EXCERPTED RECORDS Block Start

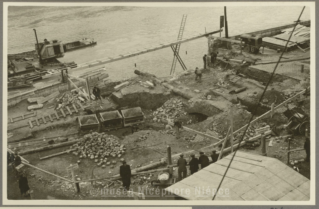 Fouilles pour l'établissement des fondations, rive droite, de la culée du nouveau pont Saint-Laurent 27 Mars 1951
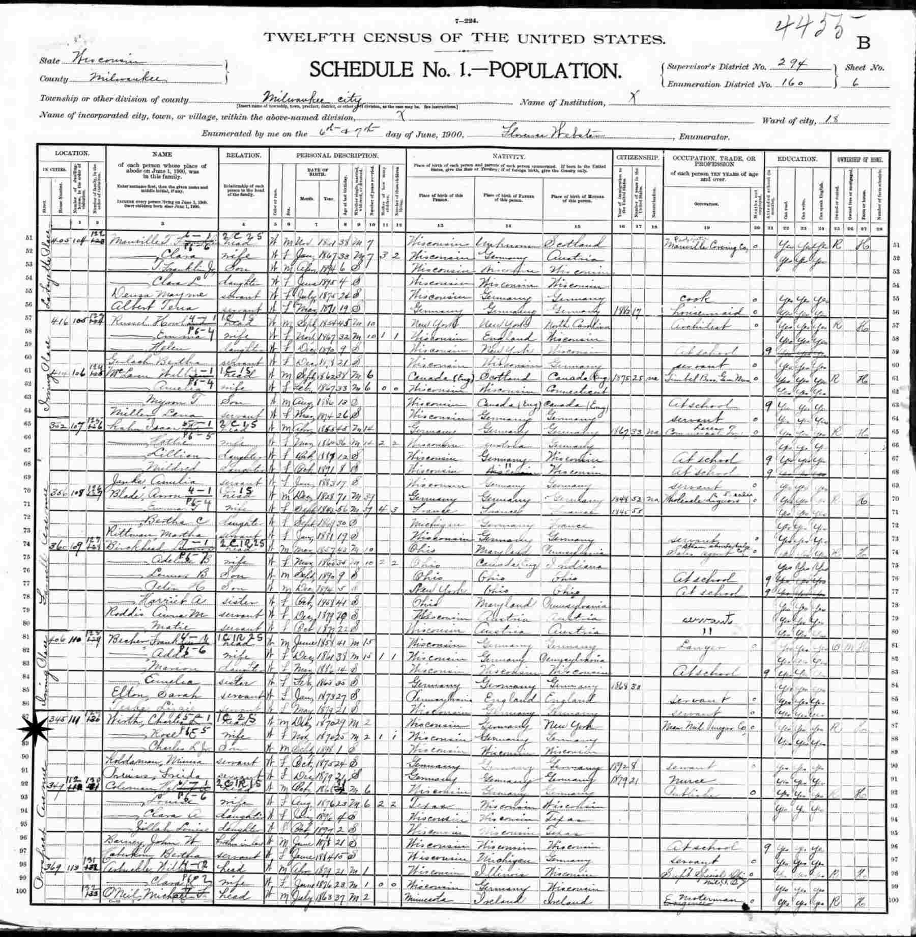 April 6-7, 1900 - 345 Prospect Avenue, Ward 18, Supervisor's District 294, Enumeration District 160, Milwaukee, Milwaukee County, Wisconsin.
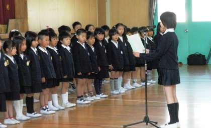 一年生は、児童代表の「歓迎のことば」を一生懸命聞いていました。
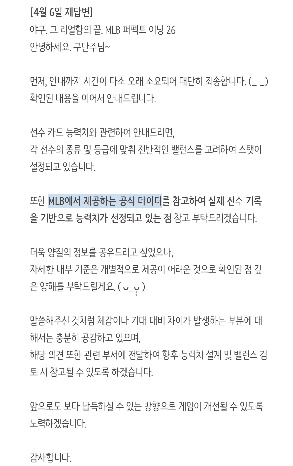 실제 MLB 기록 대비 엘리트 시즌 투수들의 스탯 괴리 문제를 지속적으로 건의해왔습니다.
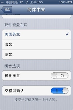 在系统输入法设置中,可以看到“空格键确认”的选项,默认开启,相信没多少人会把它关掉对于第一次使用 iPhone 的用户会比较友好

EXCERPTED RECORDS Block End

§ PROBLEM: Beginning with the line containing "一年生は、児童代表の「歓迎のことば」を一生懸命聞いていました。" and ending with the last line of the data, output those lines exactly and nothing more. Omit every picture.

§ YOUR RESPONSE:
 一年生は、児童代表の「歓迎のことば」を一生懸命聞いていました。
 실제 MLB 기록 대비 엘리트 시즌 투수들의 스탯 괴리 문제를 지속적으로 건의해왔습니다.
 在系统输入法设置中,可以看到“空格键确认”的选项,默认开启,相信没多少人会把它关掉对于第一次使用 iPhone 的用户会比较友好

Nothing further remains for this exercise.